_What the task requires:_ Your output must be the lines below from the line containing "Whether you’re dressing" to the line containing "原木色梳妝臺,即可充當(dāng)電腦桌;", both lines included, reproduced exactly and without pictures.

_Supplied material:_

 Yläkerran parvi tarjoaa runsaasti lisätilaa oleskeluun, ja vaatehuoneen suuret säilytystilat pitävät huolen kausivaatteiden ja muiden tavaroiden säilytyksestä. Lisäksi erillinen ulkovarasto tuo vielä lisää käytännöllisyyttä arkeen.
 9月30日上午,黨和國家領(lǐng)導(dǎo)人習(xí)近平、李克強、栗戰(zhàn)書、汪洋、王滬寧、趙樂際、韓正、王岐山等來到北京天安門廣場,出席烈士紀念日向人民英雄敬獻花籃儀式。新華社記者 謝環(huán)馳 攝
---
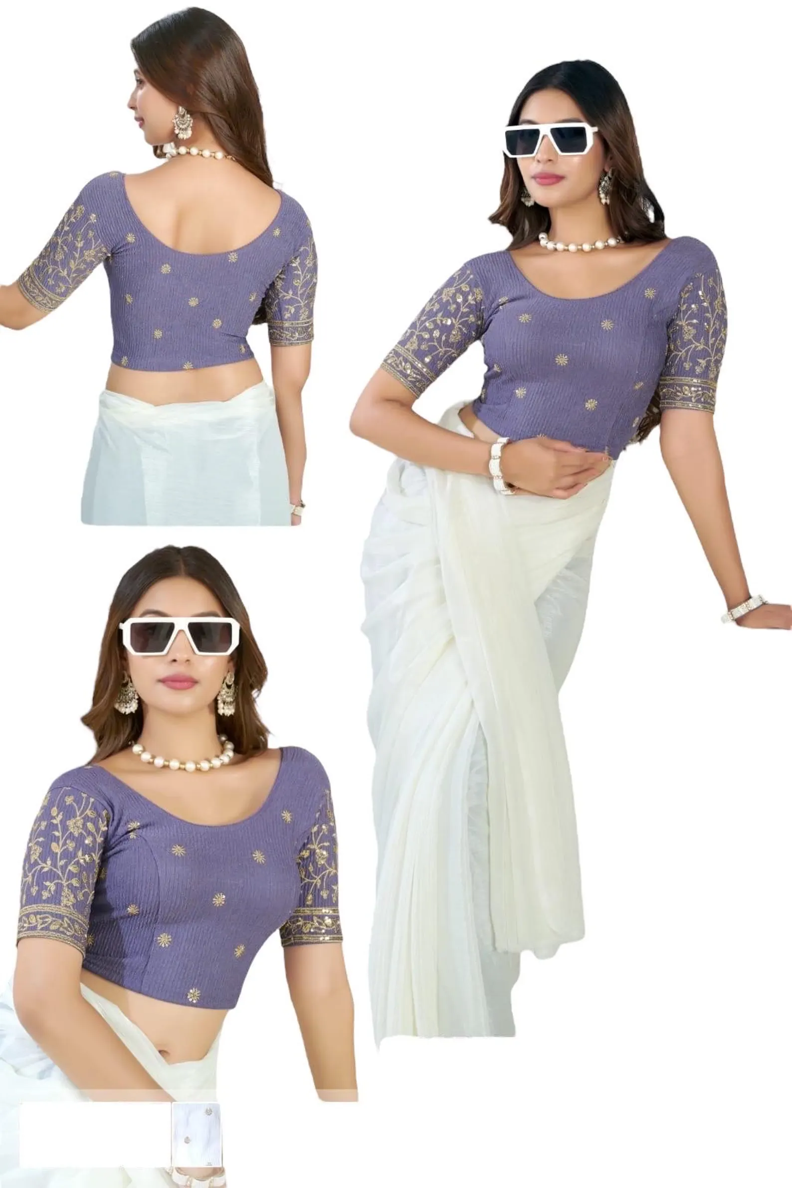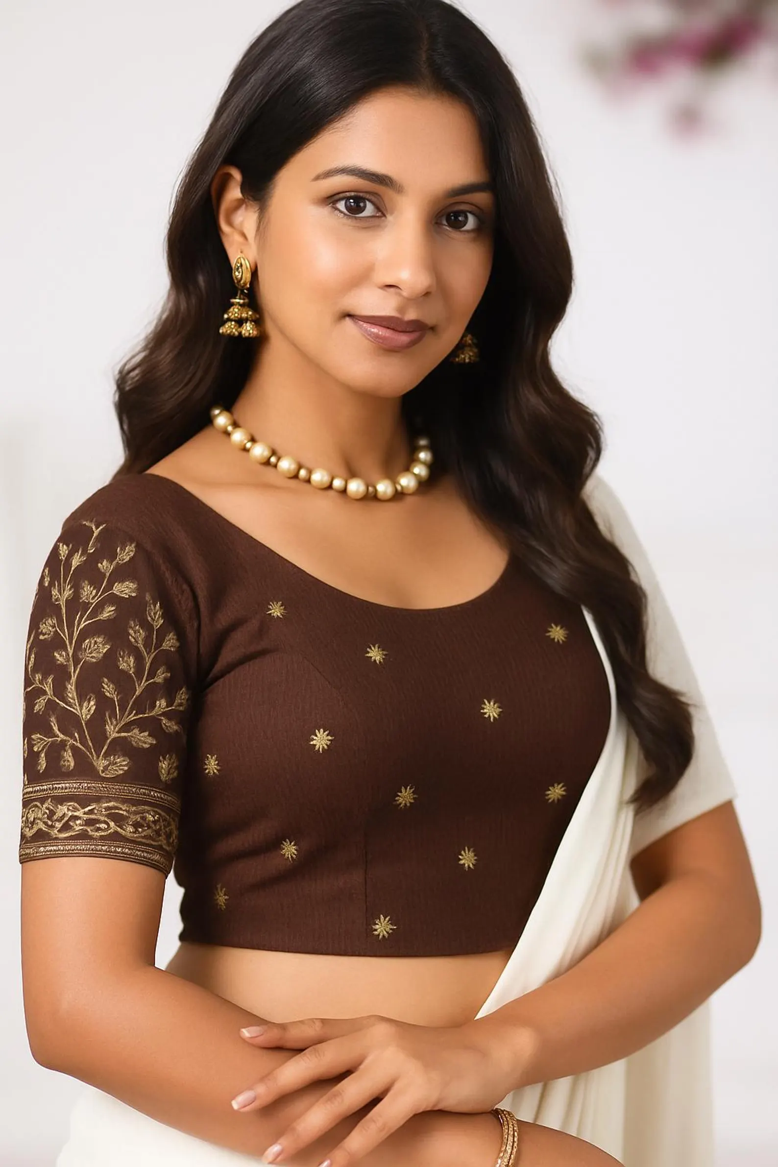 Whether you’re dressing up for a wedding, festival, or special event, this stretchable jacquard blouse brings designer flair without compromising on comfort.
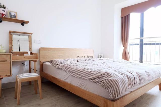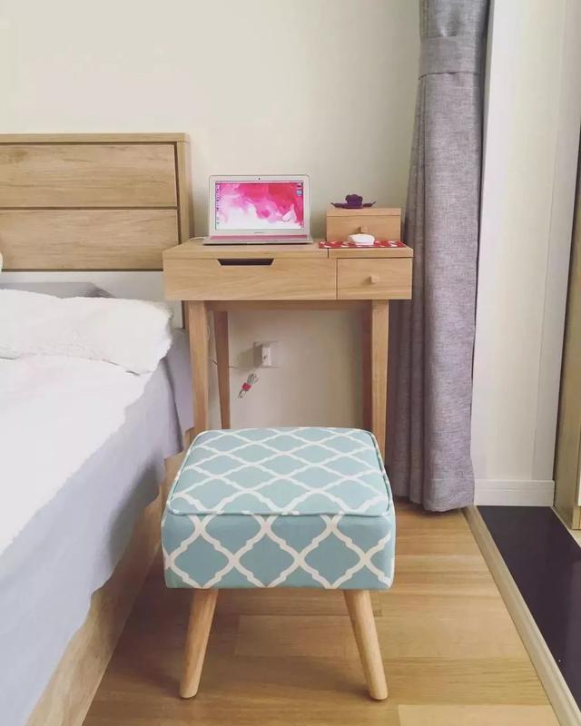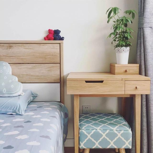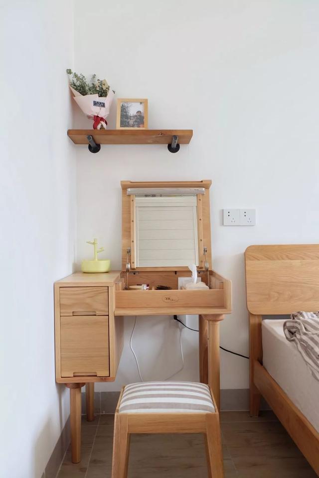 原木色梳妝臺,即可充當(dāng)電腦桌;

_Output for this task:_
 Whether you’re dressing up for a wedding, festival, or special event, this stretchable jacquard blouse brings designer flair without compromising on comfort.
 原木色梳妝臺,即可充當(dāng)電腦桌;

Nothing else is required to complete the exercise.